Source 1 states "2 liters of Hydrochloric acid can dissolve approximately 0.34 kilograms of stainless steel in approximately 6.44 seconds, forming a thick, golden brown-colored gas as it dissolves, however this reaction occurs at a slower rate at higher ambient temperatures, ceasing at an ambient temperature of approximately 143°F (62°C).[1]" while Source 2 states "When Hydrochloric acid dissolves stainless steel, it creates a large amount of heat and forms a highly poisonous, golden-brown gas that sticks to fabrics as a metallic dust that can lead to skin irritation, or, if inhaled, can lead to lung cancer, extremely high risk of cardiac arrest, kidney failure, or even total organ failure unless treated within 15 minutes.[2]"
This is an example of a good time to mix your seasonings together, mixing both Source 1 and Source 2. They both talk about the same thing with the same level of detail, but if you look carefully, you'll notice that Source 1 talks more about speed while Source 2 talks more about the results. Just like you'd mix Garlic and Onion, you can mix the two sources to make a single section of a page that uses both sources, such as something along the lines of
2 liters of Hydrochloric acid can dissolve approximately 0.34 kilograms of stainless steel in approximately 6.44 seconds,however this reaction occurs at a slower rate at higher ambient temperatures, ceasing at an ambient temperature of approximately 143°F (62°C).
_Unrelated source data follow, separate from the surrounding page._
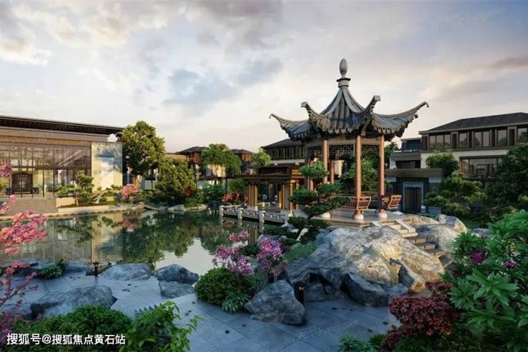 社区内部以“一轴五街八园十二巷”布局,融合北派皇家园林与苏式园林特色。约3500㎡中央景观区融汇山池、六角亭、戏台、石舫等中式经典要素,实现一步一景的诗意居境。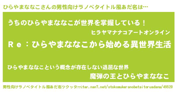 | 女子向けラノベタイトル風あだ名 | 『ひらやまななこストレイドッグス』 |
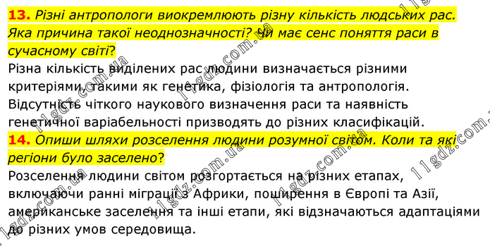 13. Різні антропологи виокремлюють різну кількість людських рас. Яка причина такої неоднозначності? Чи має сенс поняття раси в сучасному світі? Різна кількість виділених рас людини визначається різними критеріями, такими як генетика, фізіологія та антропологія. Відсутність чіткого наукового визначення раси та наявність генетичної варіабельності призводять до різних класифікацій. 14. Опиши шляхи розселення людини розумної світом. Коли та які регіони було заселено? Розселення людини світом розгортається на різних етапах, включаючи ранні міграції з Африки, поширення в Європі та Азії, американське заселення та інші етапи, які відзначаються адаптаціями до різних умов середовища.
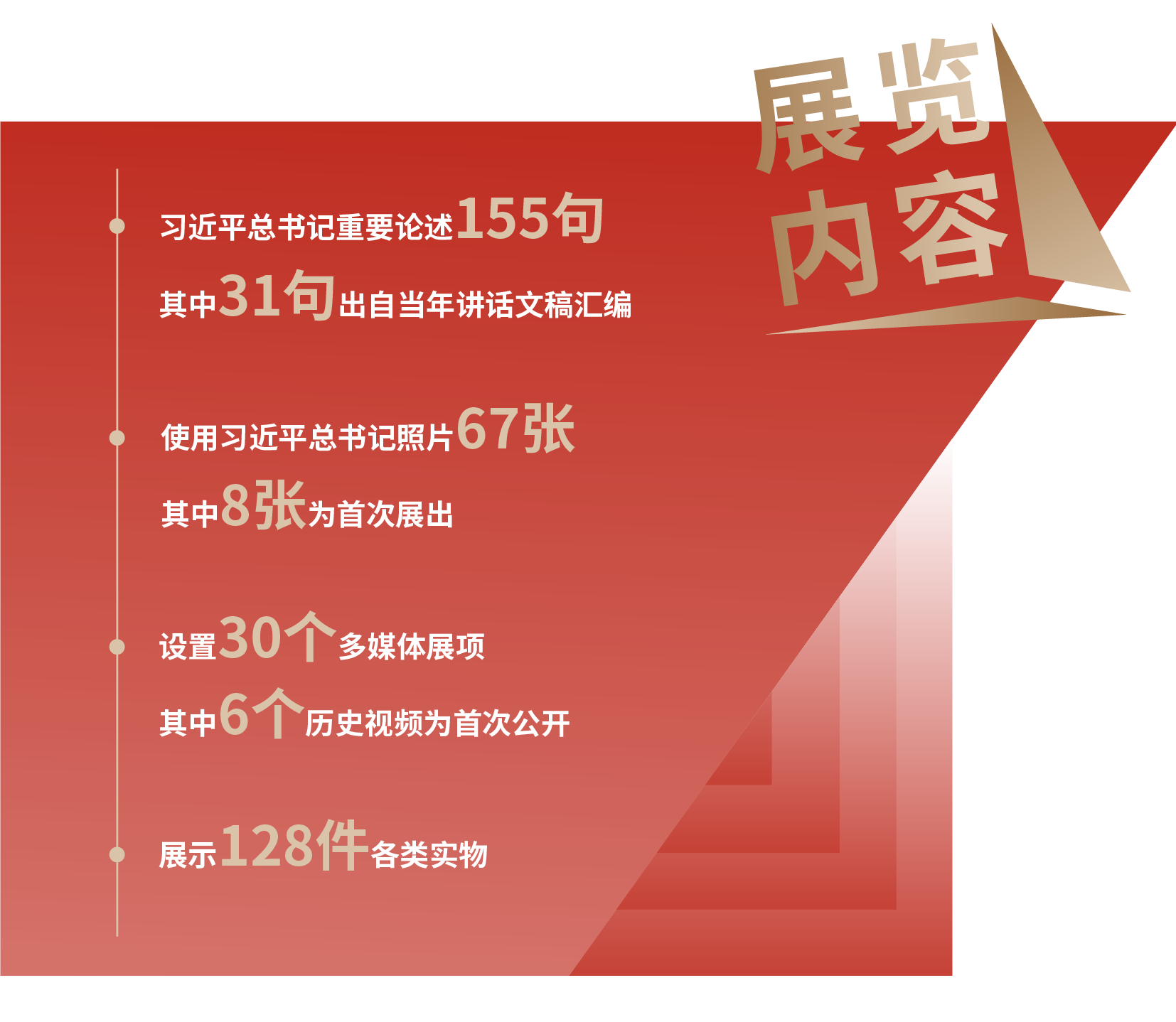 本次成就展以“3820”戰略工程為主線,共分戰略擘畫、重大實踐、賡續奮斗三個篇章,展覽面積3820平方米。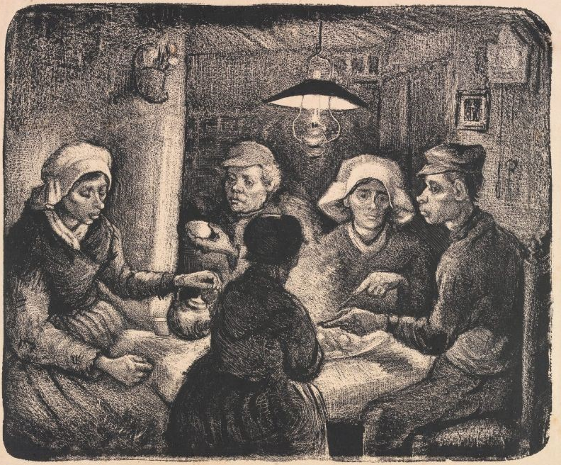 반 고흐의 대표작 중 하나인 감자먹는 사람들은 반 고흐 네델란드 시기 작품으로 초기 작품에 속합니다. 이번 전시회에서는 석판화 작품이 소개되는데요. 이 외에도 유화 작품등이 알려 있습니다.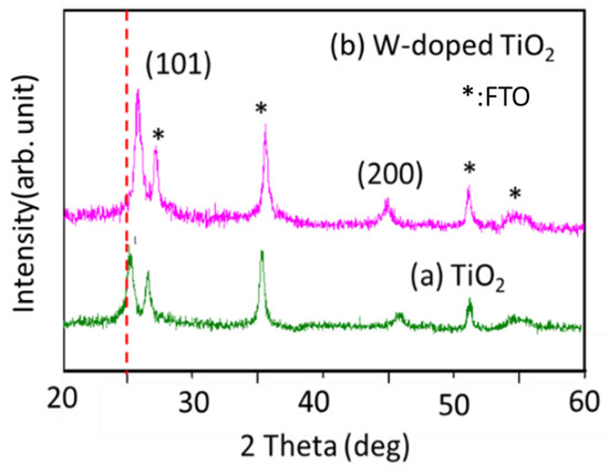 All diffraction peaks corresponding to the TiO2 anatase structure with a tetragonal central structure and (101) preferred orientation are shown in Figure 1. Compared with the pure TiO2 film, the diffraction peak intensity of the tungsten (W)-doped TiO2 film on the (101) plane was significantly enhanced, which indicated that W doping enhanced the order of the crystal. Furthermore, the (101) peak position of the W-doped film shifted toward higher 2θ values, indicating a slight shrinkage of the unit cell due to the partial replacement of Ti ions by W ions or the occupation of interstitial positions in the TiO2 crystal. Since the ionic radii of W (0.60 Å) and Ti (0.605 Å) are close, during the doping process, W ions replace Ti ions in the crystal lattice, thus achieving a stable doping structure [28,29].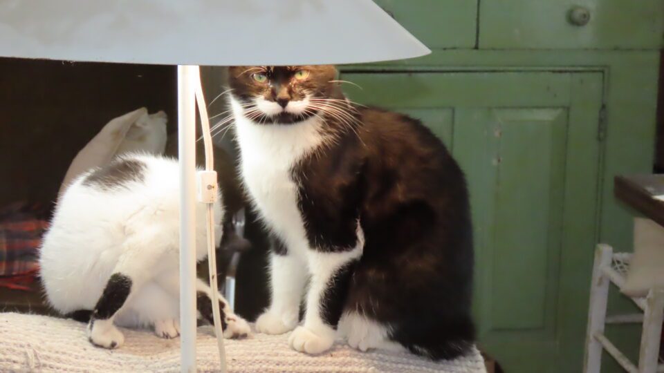 Voilà deux chats magnifiques sous la lampe.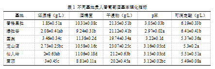 每个基地分别采收30 kg,除梗,粒选机粒选后破碎,压榨取清汁分别置于3个5 L发酵罐,加硫60 ppm,放置4℃冷库低温静置24 h,取上清,按0.3 g/L添加活化ADT酵母(上海鼎唐国际贸易有限公司),15~18℃控温发酵,待比重降至1.00以下且不再发生变化后酒精发酵结束,放置4℃冷库静置分层,取上清调硫待测。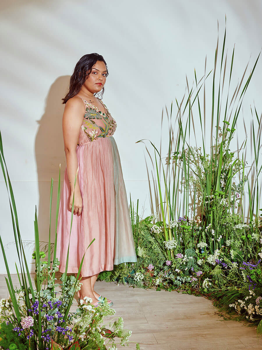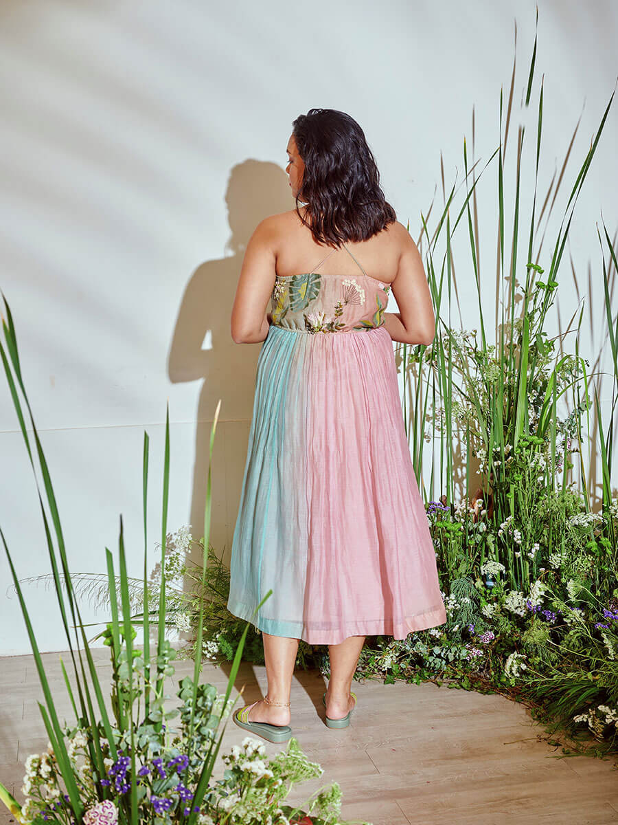 Colours of nature ombré dyed to give that spring summer feel, highlighted with intricate floral embroidery. A fun, relaxed dress, style with jewelled flats, gold hoops, sunglasses, it's the perfect brunch look.

When this reaction occurs, it creates a large amount of heat and forms a highly poisonous, golden-brown gas that sticks to fabrics as a metallic dust that can lead to skin irritation, or, if inhaled, can lead to lung cancer, extremely high risk of cardiac arrest, kidney failure, or even total organ failure unless treated within 15 minutes.[1][2]
or, alternatively,
2 liters of Hydrochloric acid can dissolve approximately 0.34 kilograms of stainless steel in approximately 6.44 seconds,however this reaction occurs at a slower rate at higher ambient temperatures, ceasing at an ambient temperature of approximately 143°F (62°C).[1] When this reaction occurs, it creates a large amount of heat and forms a highly poisonous, golden-brown gas that sticks to fabrics as a metallic dust that can lead to skin irritation, or, if inhaled, can lead to lung cancer, extremely high risk of cardiac arrest, kidney failure, or even total organ failure unless treated within 15 minutes.[2]
As you can see, both sources were merged into one, more detailed piece of information, just like you'd mix Garlic and Onions together to make a new, more complex flavor.
Summary: The meal matters more than the seasoning, but you should still add seasoning, but sometimes it's a better idea to mix them all up to make a new one.